Nie otrzymałem żadnych dokumentów. Przygotowuję nowe pismo do MAK-u - powiedział Klich, który przyleciał do Moskwy we wtorek. Dodał, że będzie ono zawierało co najmniej 80 punktów. - Wojskowi (prokuratorzy) mogą prosić o pomoc prawną, a ja mogę wymagać - powiedział Klich.
- Pracujemy zgodnie z załącznikiem 13. do konwencji chicagowskiej. Ja piszę pisma z prośbą o informacje. Jeśli odpowiedź jest niezadowalająca, piszę następne - wyjaśniał. Interia
Nie ma jednak gwarancji, że Parulski przywiezie jakiekolwiek dokumenty. Nie mamy potwierdzenia, że dokumentacja jakakolwiek zostanie Polsce przekazana, więc siłą rzeczy nie mogę też potwierdzić, jakie to będą ewentualnie dokumenty - mówi Artymiak. Nie wyklucza jednak, że Rosjanie coś przygotowali dla naszych śledczych. Na tym etapie - jak dodaje - najważniejsze byłyby protokoły oględzin miejsca katastrofy oraz protokoły sekcji zwłok pasażerów tupolewa. RMF
Parulski jakoś unika dziennikarzy......
Mam nadzieję że po kolejnym upokorzeniu Tusk przestanie siebie i nas okłamywać, jak to nam sie świetnie współpracuje z Rosją. Mam też nadzieję że przestanie zacznie zachowywać sie jak premier rządu, a nie petent.
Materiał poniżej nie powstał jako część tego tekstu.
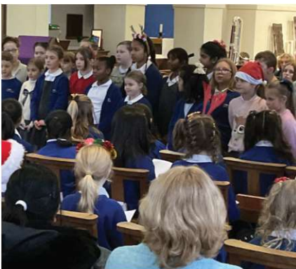
Students performing at the Christmas concert

All these activities were made possible by the staff who organised and hosted them; they are thanked for their commitment to our students' education, in particular broadening their horizons beyond the classroom.

Donaldzie weż przykład z Lecha Kaczyńskiego i miast mizdrzyć sie do Putina zacznij działać.
Mam nadzieje że premier przestanie sie upokarzać, ośmiesza swoją naiwnoscią i działaniem Polskę za granicą.
Trzeba wkońcu postawić sprawę jasno, Rosja olewa Polską stronę i Premier winny jest w tej sytuacji stanowczo rozmawiać. Jeśli sam sie czuje zbyt słaby to należy wzorem PiSu ( w relacjach z Rosją) wciągnąć w to UE. Czas na poważne decyzje, czas na działanie!